PROBLEM DETAILS — Only the lines from the line containing "j’ai constaté en" through the final line of the entries should be printed, exactly as given, with the pictures left out.

THE INPUT —
▶

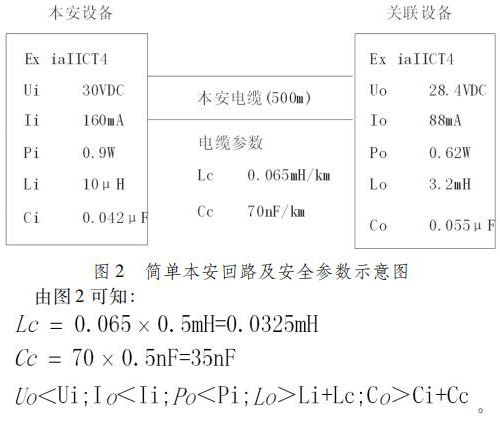 通過計算可知,本回路的安全參數(shù)均滿足不等式(1) ~ (5) ,因此本回路能通過本安回路計算,可以直接用于防爆區(qū)。
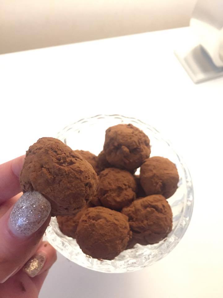 Blanda samman alla ingredienser tills de går att rulla bollar av den, är ”smeten” för torr så blanda i lite mer mjölk. Gör små bollar och rulla dom i kakao, klart!
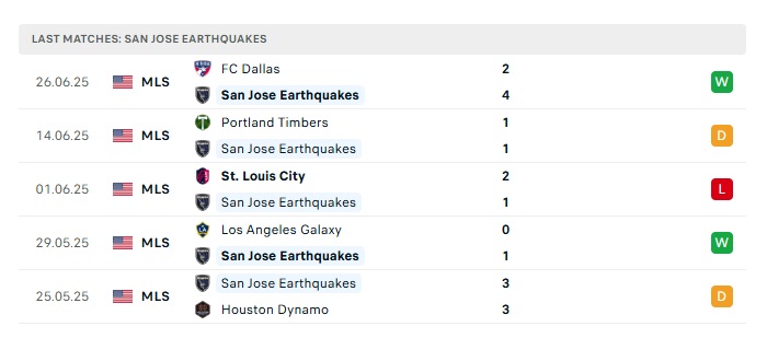 Phong độ gần đây San Jose EQ vs LA Galaxy
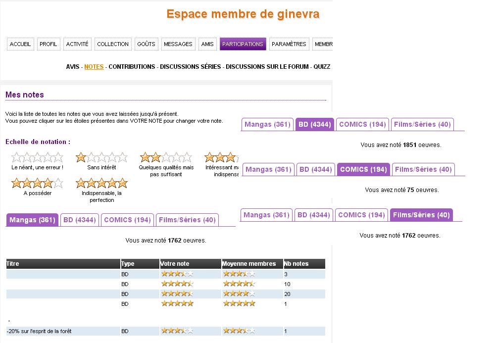 j’ai constaté en truc vraiment bizarre en regardant mes notes à partir de mon espace membre. Selon l’onglet j’ai des résultats différents. le seul qui marche bien est « comics » où n’apparaissent que des comics (75), pour « mangas » et « films » il y a un gros mélange mais essentiellement des BD et je suis censée avoir noté 1762 oeuvres, sur « BD » il y a aussi un gros mélange et j’aurais noté 1851 oeuvres… Cela en fait quand même 89 en plus!!
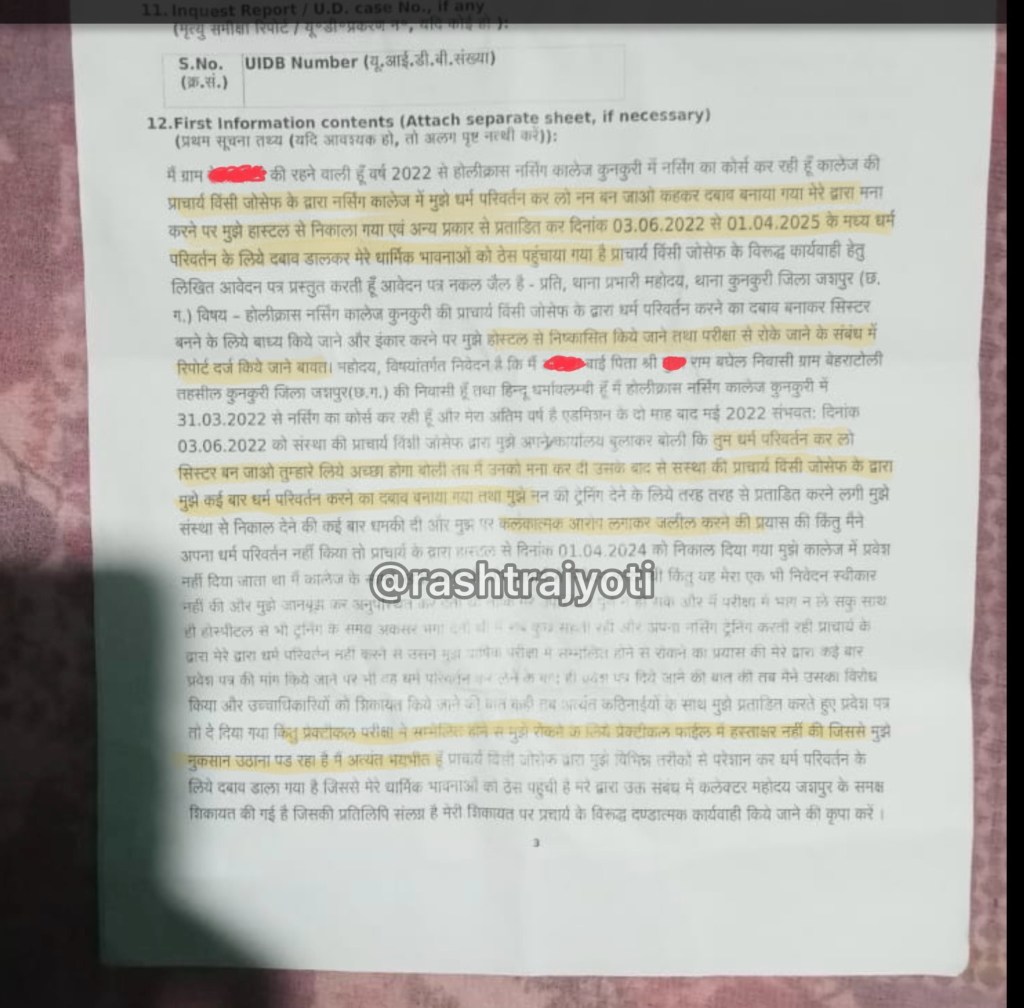In the FIR, which Rashtra Jyoti has accessed, Sushmita stated that she resides in Behratoli town and enrolled in the General Nursing and Midwifery course at Holy Cross Nursing College in March 2022. There, Principal Bincy Joseph, a nun, repeatedly pressured her to change her religion to Christianity. Upon refusing, she was evicted from the hostel. Between June 2022 and April 2025, she was consistently coerced to convert and become a nun, and her religious feelings were repeatedly hurt.

◀

PROBLEM SOLUTION —
 j’ai constaté en truc vraiment bizarre en regardant mes notes à partir de mon espace membre. Selon l’onglet j’ai des résultats différents. le seul qui marche bien est « comics » où n’apparaissent que des comics (75), pour « mangas » et « films » il y a un gros mélange mais essentiellement des BD et je suis censée avoir noté 1762 oeuvres, sur « BD » il y a aussi un gros mélange et j’aurais noté 1851 oeuvres… Cela en fait quand même 89 en plus!!
In the FIR, which Rashtra Jyoti has accessed, Sushmita stated that she resides in Behratoli town and enrolled in the General Nursing and Midwifery course at Holy Cross Nursing College in March 2022. There, Principal Bincy Joseph, a nun, repeatedly pressured her to change her religion to Christianity. Upon refusing, she was evicted from the hostel. Between June 2022 and April 2025, she was consistently coerced to convert and become a nun, and her religious feelings were repeatedly hurt.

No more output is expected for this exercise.